If you look at the graphs above, you will see that the unweighted interview sample from NHANES 1999-2002 is composed of 47% non-Hispanic white and Other participants, 25% non-Hispanic Black participants, and 28% Mexican American participants. The US civilian noninstitutionalized population in 2000, in contrast, was 78% non-Hispanic white and Other, 13% non-Hispanic black, and 9% Mexican American. Therefore, unweighted estimates for any survey item associated with race/ethnicity would be biased if weights were not used, because estimates would not be representative of the actual U.S. civilian noninstitutionalized population.

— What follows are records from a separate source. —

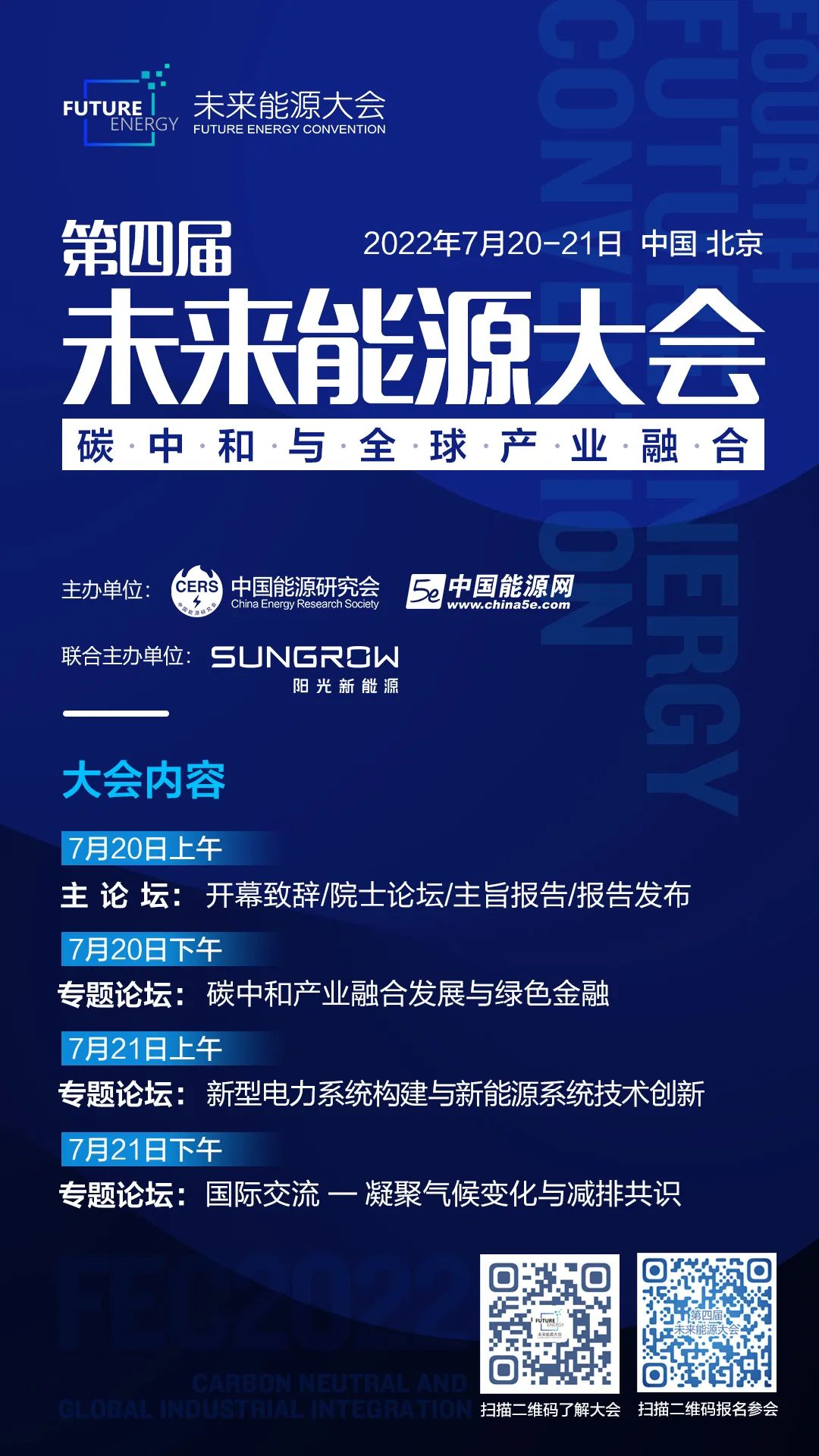 第四屆未來(lái)能源大會(huì )將突出未來(lái)能源系統及碳中和產(chǎn)業(yè)融合發(fā)展,創(chuàng )新產(chǎn)業(yè)新業(yè)態(tài),突出跨界融合、產(chǎn)業(yè)融合、區域融合形成的有機共生體系。2022年7月20日-21日,由中國能源研究會(huì )、中國能源網(wǎng)主辦,陽(yáng)光新能源開(kāi)發(fā)股份有限公司聯(lián)合主辦的第四屆未來(lái)能源大會(huì )在北京召開(kāi)。重關(guān)注碳中和產(chǎn)業(yè)融合與綠色金融,邀請來(lái)自國家電投集團,國家開(kāi)發(fā)銀行,中央財經(jīng)大學(xué),聯(lián)合信用管理有限公司等機構專(zhuān)家深度探討。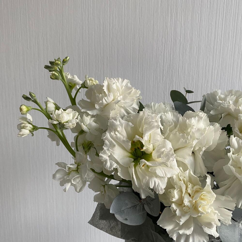 Маттиола – 3 шт.Эвкалипт – 1 шт.Эустома – 1 шт.Диантус – 8 шт.
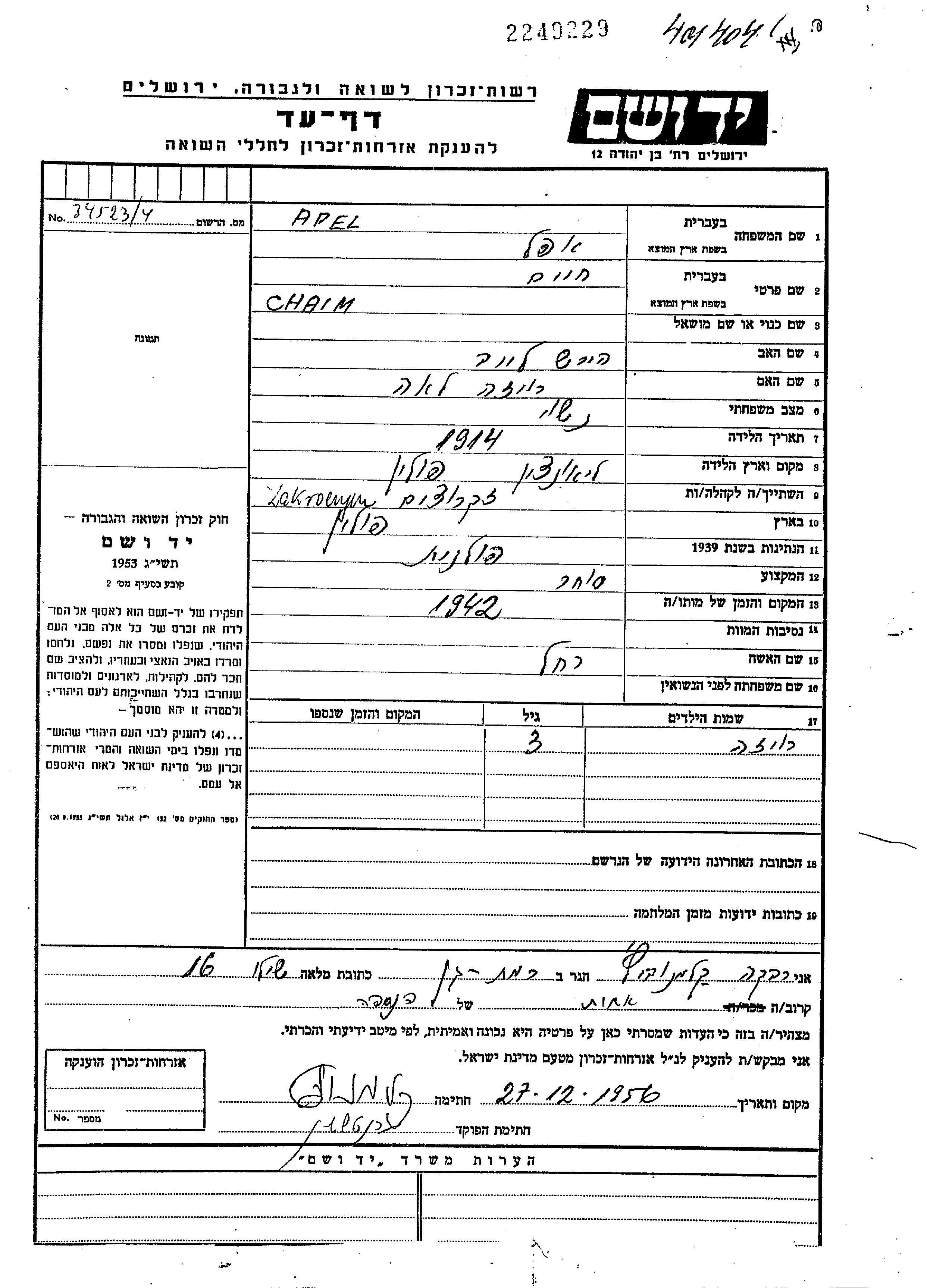Roize אפל נולדה בWarszawa שבפולין לחיים ורחל. היא היתה ילדה. לפני מלחמת העולם השניה התגוררה בZakroczyn שבפולין. בזמן המלחמה היא היתה בפולין. היא נרצחה בשואה.

Below are three examples of estimates calculated using NHANES 1999-2002 data. In all examples, unweighted and correctly weighted estimates are shown to demonstrate the effects of not including the proper sample weights in the analysis.
In the first example, the data from NHANES 1999-2002 in the table below shows that weighted estimates reflect the U.S. civilian noninstitutionalized population very closely, but unweighted estimates are much higher in oversampled subgroups, such as non-Hispanic blacks, Mexican Americans, and persons age 12-19 years.

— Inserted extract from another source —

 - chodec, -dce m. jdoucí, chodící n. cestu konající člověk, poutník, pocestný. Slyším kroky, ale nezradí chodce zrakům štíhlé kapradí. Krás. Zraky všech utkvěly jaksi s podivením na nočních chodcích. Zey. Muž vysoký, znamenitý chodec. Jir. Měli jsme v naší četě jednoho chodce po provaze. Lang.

Thirteen percent of the U.S. 2000 Census civilian noninstitutionalized population was non-Hispanic black, the unweighted sample for NHANES 1999-2002 was 25% non-Hispanic black because non-Hispanic blacks were oversampled in NHANES. Once the appropriate weights are applied, the weighted sample was only 12% non-Hispanic black. This estimate is much closer to that seen in the 2000 U.S. Census civilian noninstitutionalized population (numbers differ slightly due to rounding).
Similarly, if one looks at Mexican Americans and persons age 12-19 years--two subpopulations also oversampled in NHANES--you can see that the U.S. census civilian noninstitutionalized population and the weighted sample consist of both 9% Mexican Americans and 12% persons age 12-19 years but the percents in the unweighted sample (28% and 24% respectively) were much greater for these two subpopulations.
In the next two examples, high LDL estimates were calculated for non-Hispanic blacks age 20 years and over and the herpes positive estimate was calculated for males age 40-49 years.
The estimates differ greatly when they are calculated with the correct weight compared to when they are calculated without being weighted at all. This is especially true in the herpes positive example, because being herpes positive is closely related to non-Hispanic black race/ethnicity, which is one of the subgroups oversampled in the survey. Therefore, the effect of not accounting for sample weights is even more pronounced when oversampled subgroups are included in the analysis.